Neurocrine Biosciences, Inc announced their highly selective vesicular monoamine transporter 2 (VMAT2) inhibitor, NBI-98854, will be advanced in clinical development.
The first trial in human subjects, NBI-98854-0801, was a single ascending dose trial in healthy male volunteers conducted in Canada under an approved Clinical Trial Application (CTA) with Health Canada. Preliminary data have now been reviewed; NBI-98854 was generally safe and well tolerated. There were no Serious Adverse Events, clinically significant drug-related laboratory abnormalities or clinically significant ECG findings. More critically, the characteristics of the compound met the pre-specified pharmacokinetic requirements: dose proportionality, low maximum concentration (Cmax) with adequate area-under-curve (AUC) for drug exposure, low variability, and a half-life which supports once per day dosing.

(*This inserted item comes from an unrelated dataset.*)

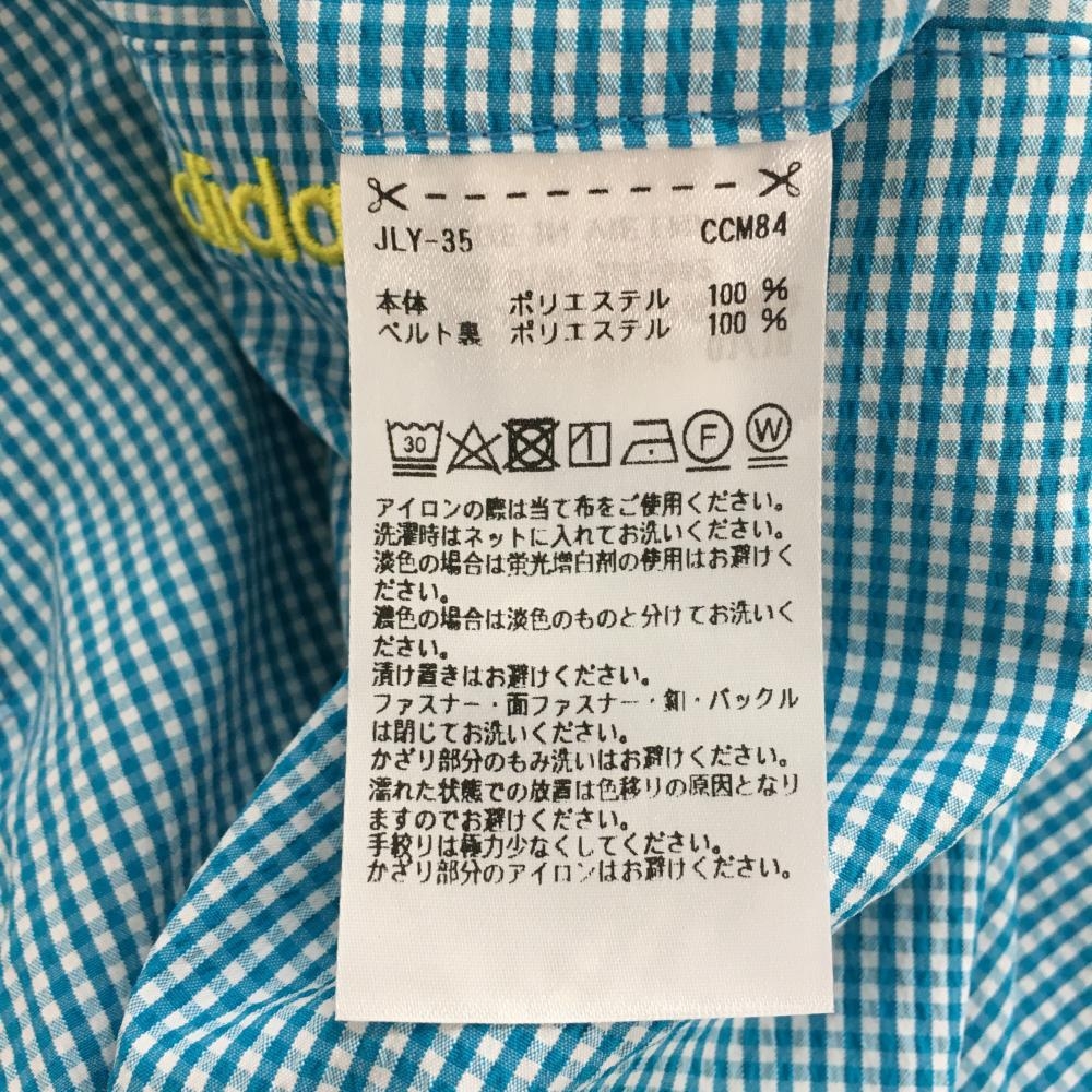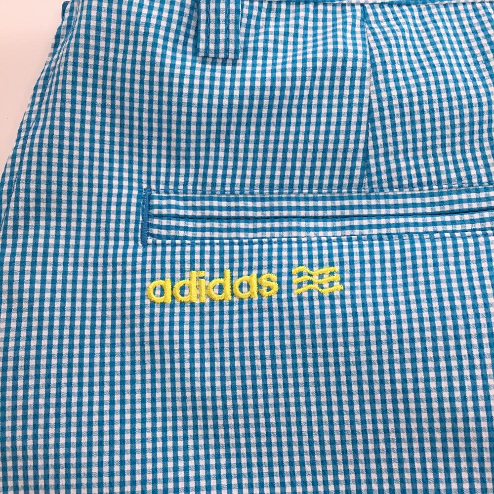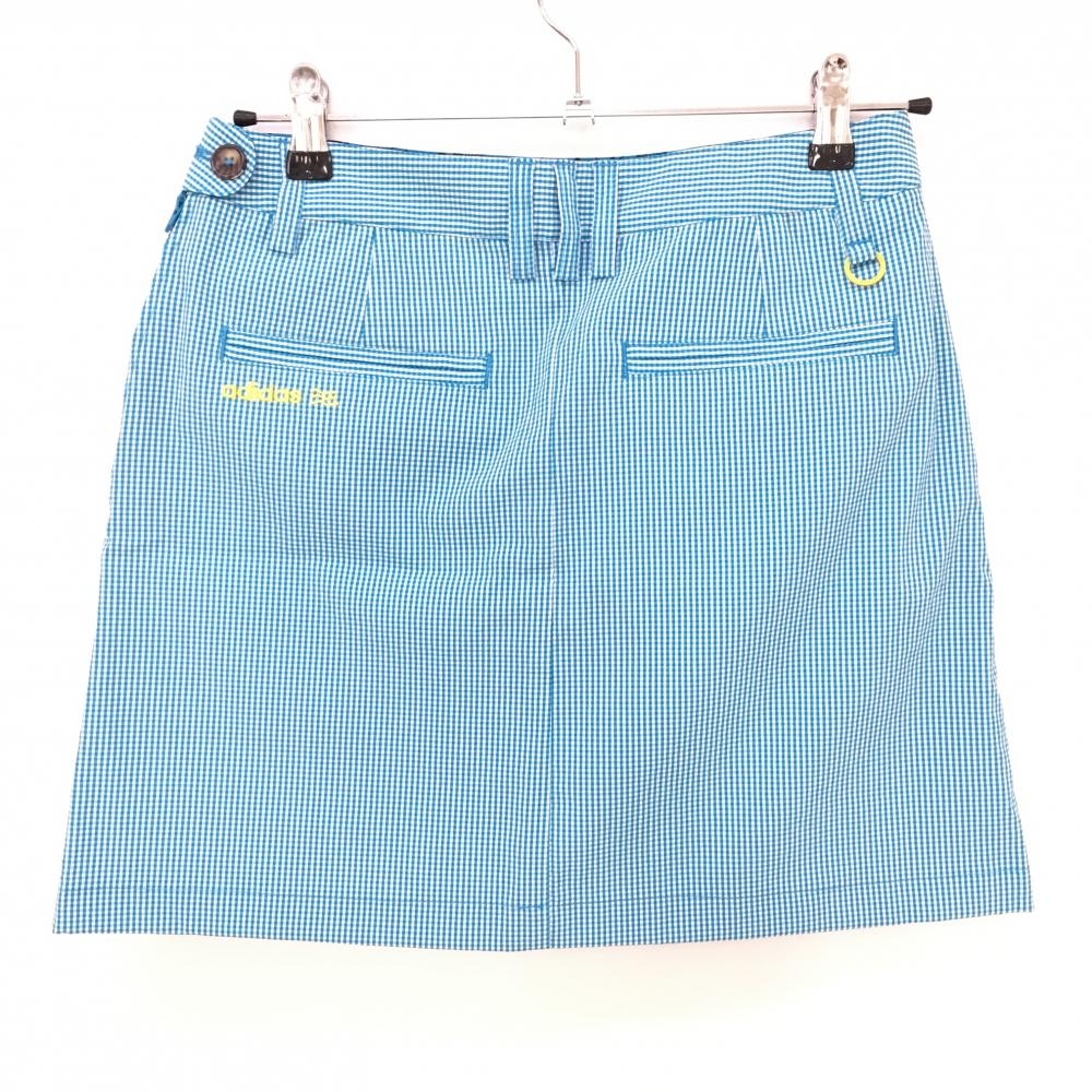 【超美品】アディダス スカート ライトブルー×白 ギンガムチェック サッカー生地 ボックスプリーツ レディース M/M ゴルフウェア adidas
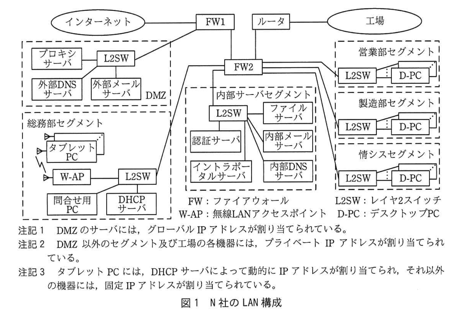 N社は、従業員数5,000名の化学メーカーであり、総務部、営業部、製造部及び情報システム部(以下、情シスという)がある。また、国内に工場がある。N社のLAN構成を図1に示す。

"The results of this first clinical trial in our VMAT2 inhibitor are exactly what we were seeking," said Chris O'Brien, chief medical officer of Neurocrine Biosciences. "We will now move NBI-98854 into a multiple repeated dose phase-1 study and begin preparation for Phase 2 proof of concept trial to be initiated later in 2010."
VMAT2 is a protein concentrated in the human brain that is primarily responsible for re-packaging and transporting monoamines (dopamine, norepinephrine, serotonin, and histamine) among nerve cells. NBI-98854, developed in the Neurocrine laboratories, is a novel highly selective VMAT2 inhibitor that is effective in regulating the levels of dopamine release during nerve communication, while at the same time having minimal impact on the other monoamines thereby reducing the likelihood of 'off target' side effects. NBI-98854 is designed to provide low, sustained, plasma and brain concentrations of the active drug to minimize side effects associated with excessive dopamine depletion.
The next step for this VMAT2 development program is to complete a multiple, repeated dose phase-1 study in healthy male volunteers after approval of the Canadian CTA submission. Once complete, Neurocrine will approach the US FDA regarding the filing of an Investigational New Drug application in the United States with the express purpose of initiating the proof-of-concept study in patients with Tardive Dyskinesia late in 2010. In addition, NBI-98854 may well be useful in other disorders, such as Huntington's chorea, schizophrenia, Tourette's syndrome, and tardive dystonia.
Neurocrine Biosciences is a biopharmaceutical company focused on neurological and endocrine diseases and disorders.